At Startop's suggestion, we put ourselves down for election into a club called the Finches of the Grove: the object of which institution I have never divined, if it were not that the members should dine expensively once a fortnight, to quarrel among themselves as much as possible after dinner, and to cause six waiters to get drunk on the stairs.

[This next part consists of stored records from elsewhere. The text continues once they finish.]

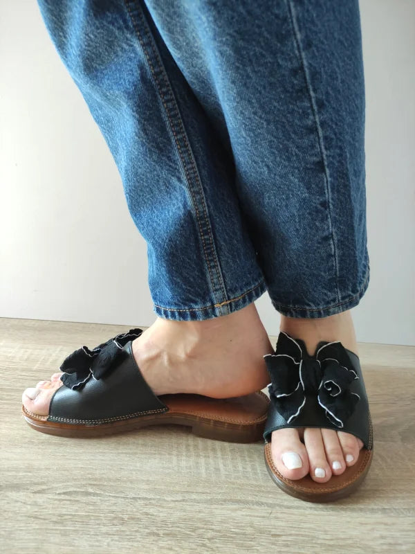 Acești saboți casual negri adaugă un strop de romantism oricărei ținute de vară. Florile aplicate manual din piele naturală creează un efect vizual deosebit, iar baretă lată oferă stabilitate și confort. Talpa joasă, flexibilă și ușoară îi face perfecți pentru plimbări relaxante și purtare zilnică.
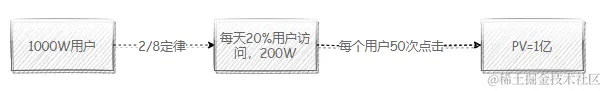 - 1000W用户,每天来访问这个网站的用户占到20%,也就是每天有200W用户来访问。
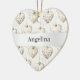 Ornamento De Cerâmica Chic Cream Hearts Silver Ribbon Christmas
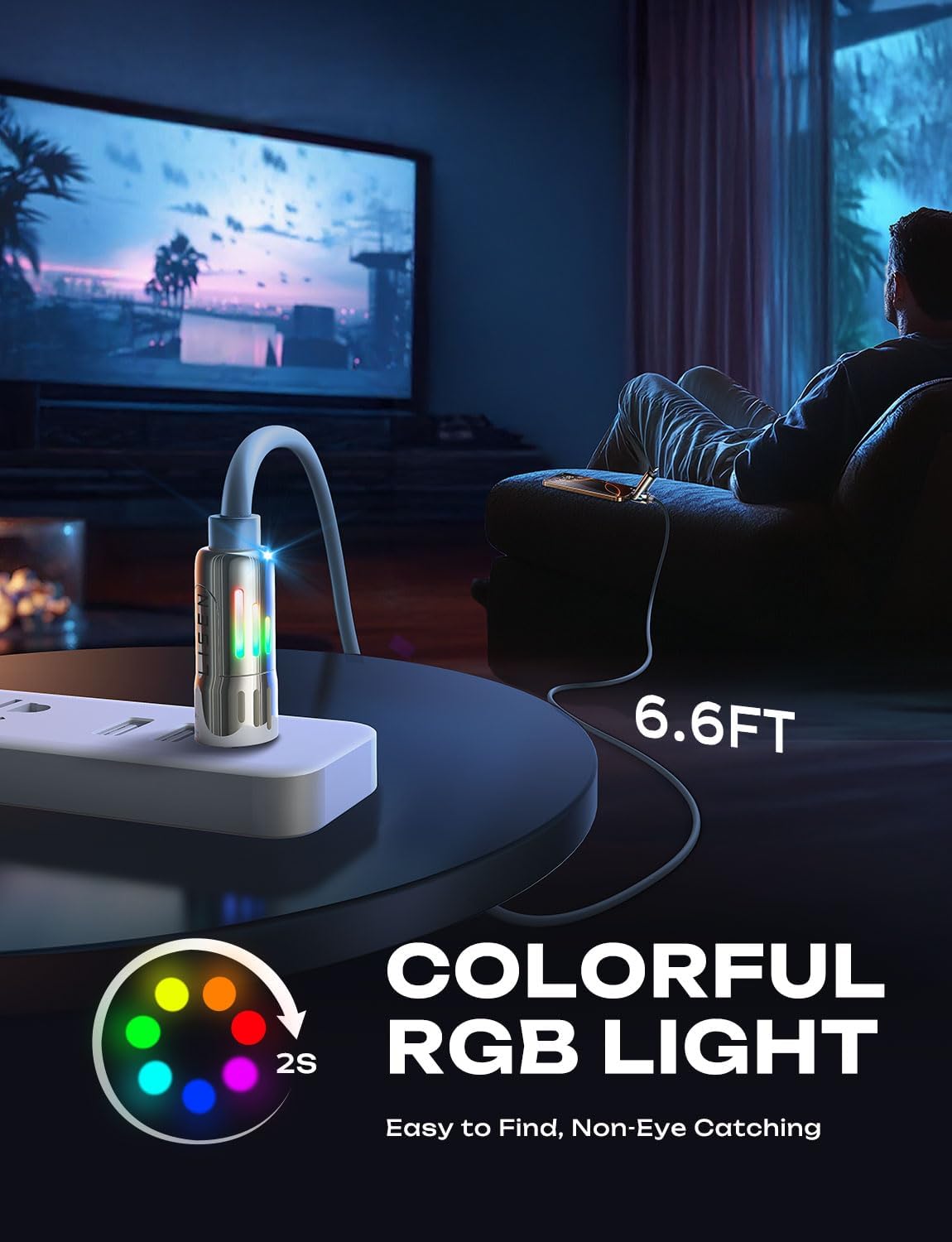 - [PD3.1 Emark Safe Chip & RGB light] The USB C to USB C Cable EMARK3.1 chip not only enables 240W fast charging but also maximizes device safety, ensuring 24-hour constant temperature charging. It automatically stops charging once the device is fully charged, preventing overcharging and battery damage. And RGB lights on both ports will keep changing colours when charging. It is a soft light, not flashing eyes, full of gaming atmosphere.
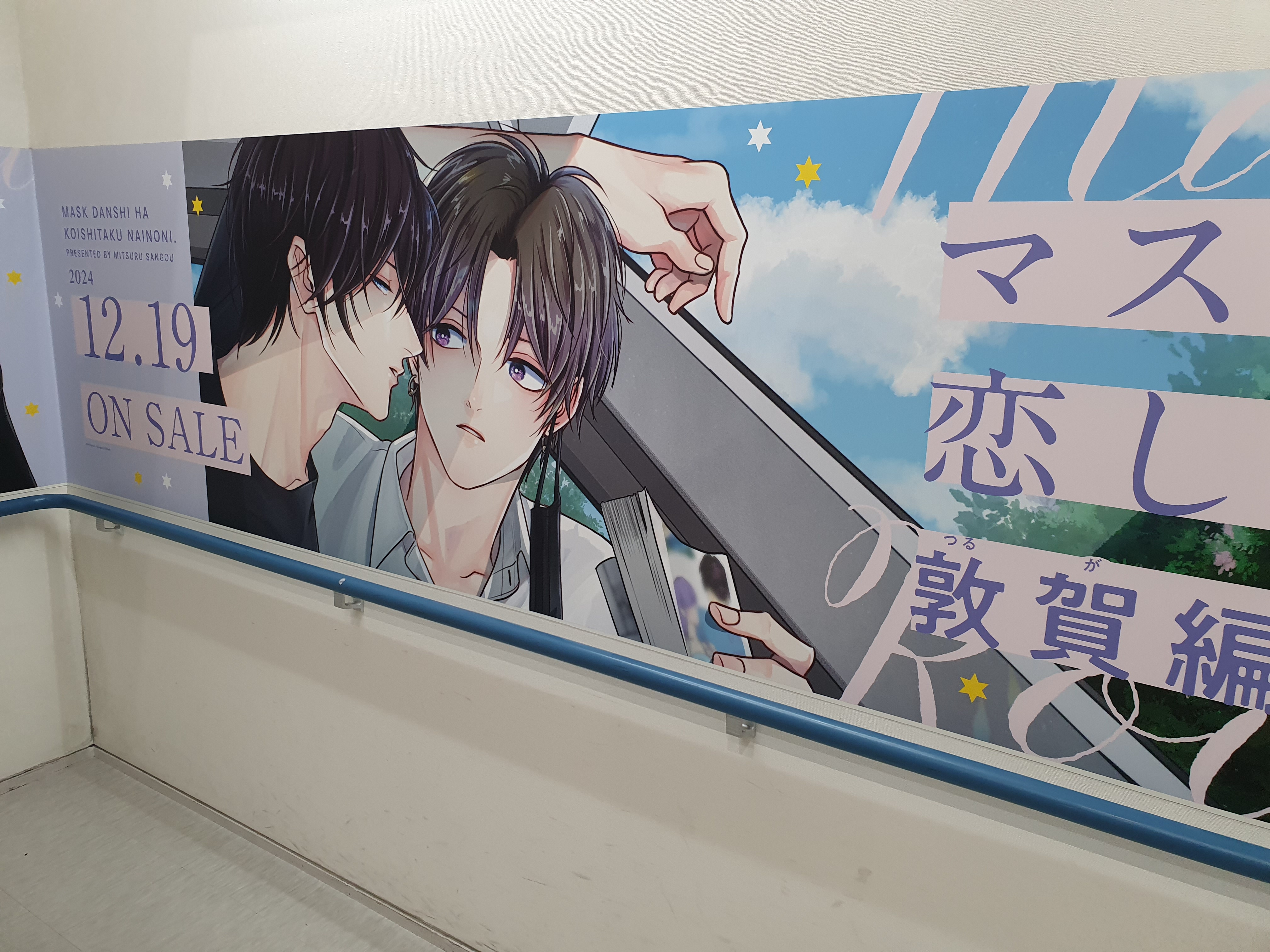 계단에 BL로 추정되는 작품 광고가 붙어있었습니다.
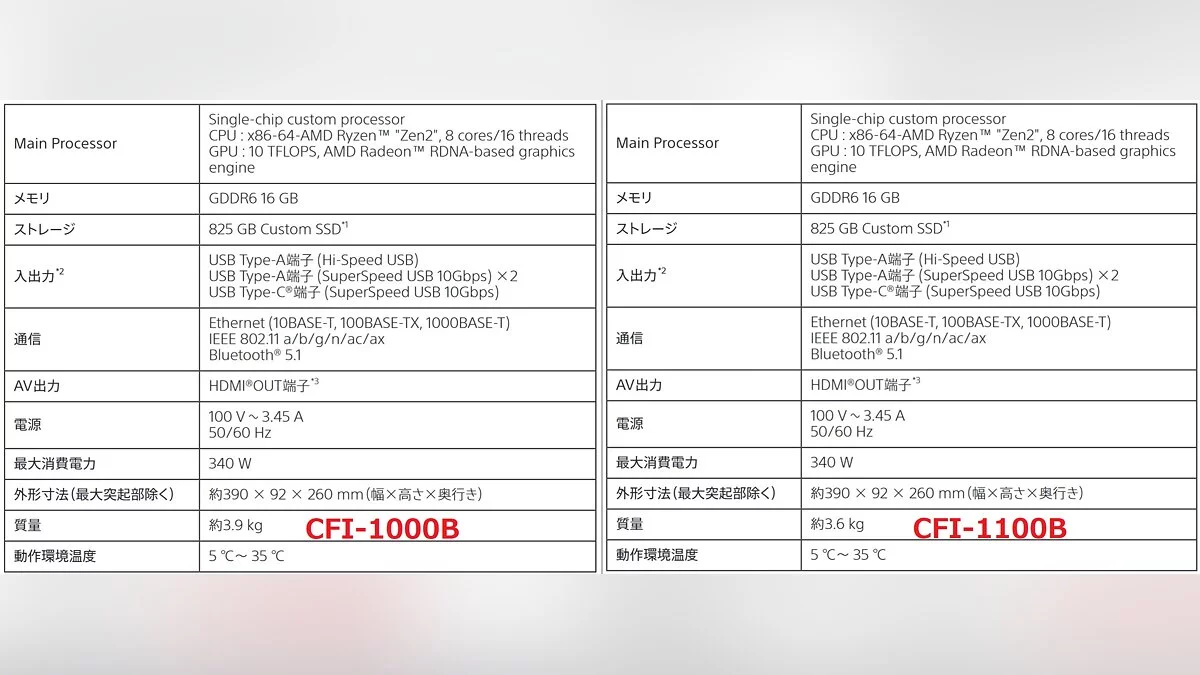 Согласно документации, модель имеет те же габариты, что и предыдущая версия CFI-1000B, однако легче на 300 грамм. Также во второй ревизии изменится винт, которым крепится подставка.
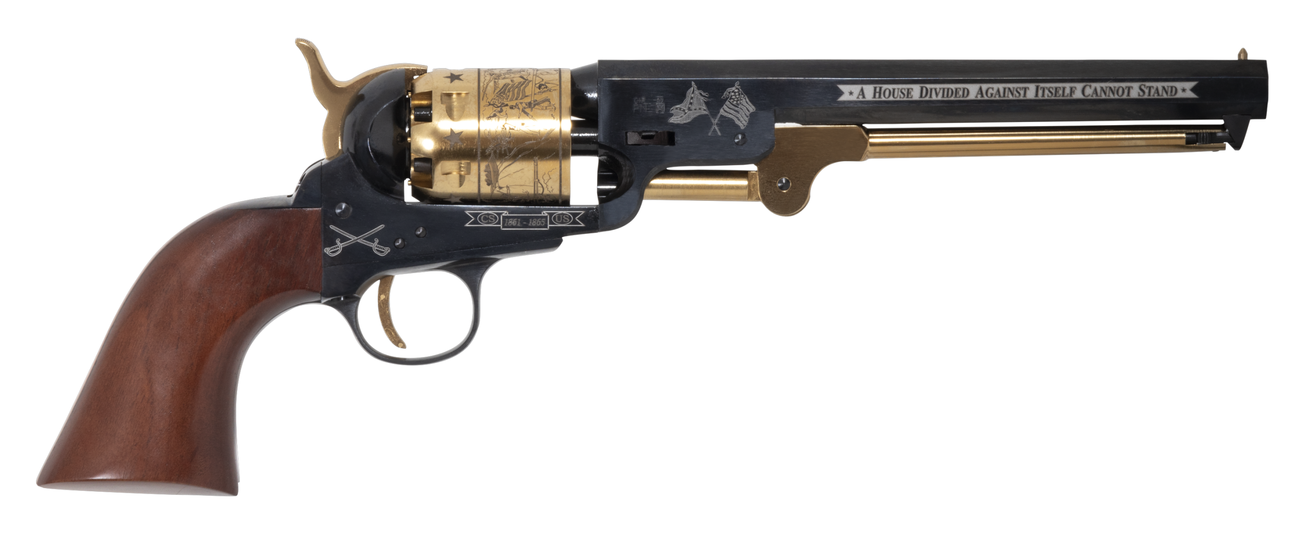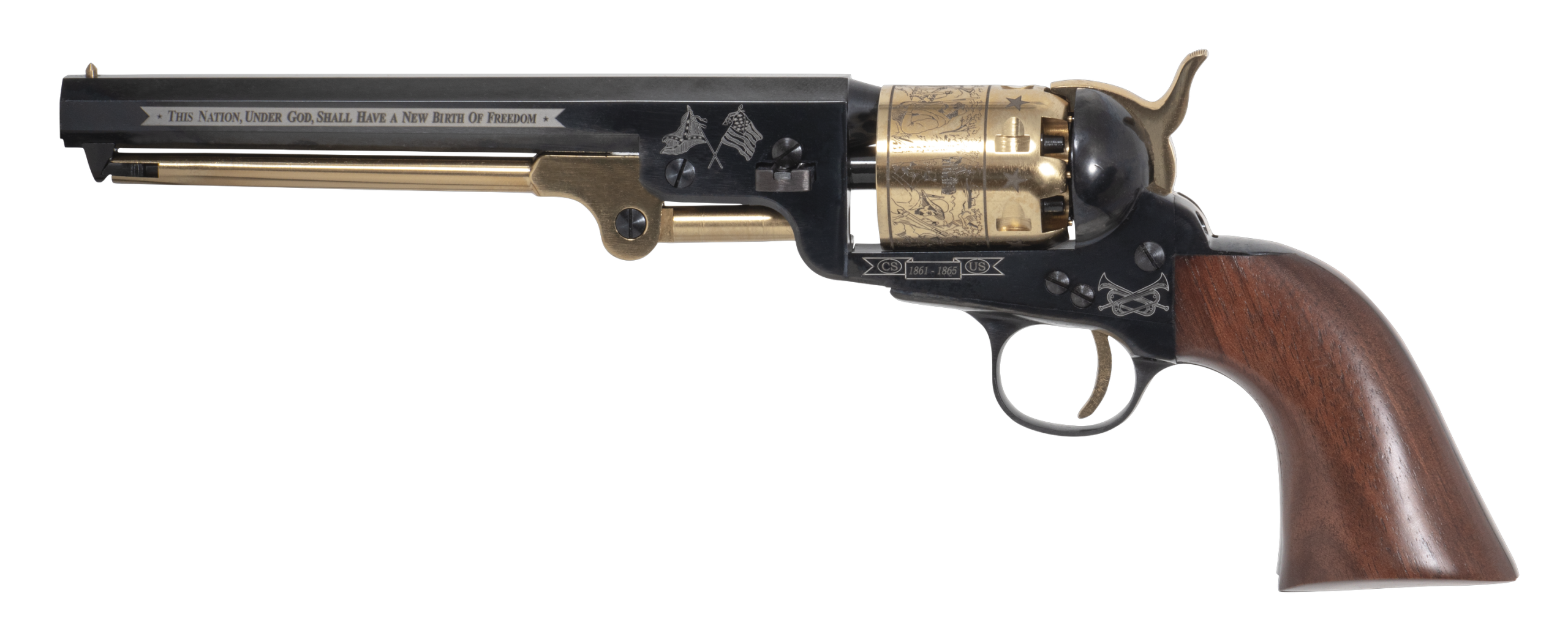 Réplique à poudre noire du Colt modèle 1851, commémoratif de la guerre de Sécession de 1861 à 1865 entre les confédérés et les unionistes.

Magwitch is delighted with Pip when he meets him after so many years in Chapter XXXIX. Pip is exactly Magwitch's idea of a London gentleman. He has acquired a lot of book knowledge through desultory reading which has not prepared him for any profession. He had acquired good manners but is completely selfish, wasteful and lazy--just as a gentleman should be in Magwitch's opinion. He is entirely dependent on the money he receives from his unknown benefactor, who, to his utter horror, turns out to the the ignorant and vulgar Abel Magwitch. Mr. Pocket has been the ideal tutor for Pip because Pocket is a gentleman who never acquired any discipline and has ended up earning a living by teaching other men to be like himself. Pocket also earns money to support his large, chaotic family by lecturing on domestic economy. In Chapter XXXIII, Pip writes:



Mr. Pocket was out lecturing; for he was a most delightful lecturer on domestic economy, and his treatises on the management of children and servants were considered the very best text-books on those themes.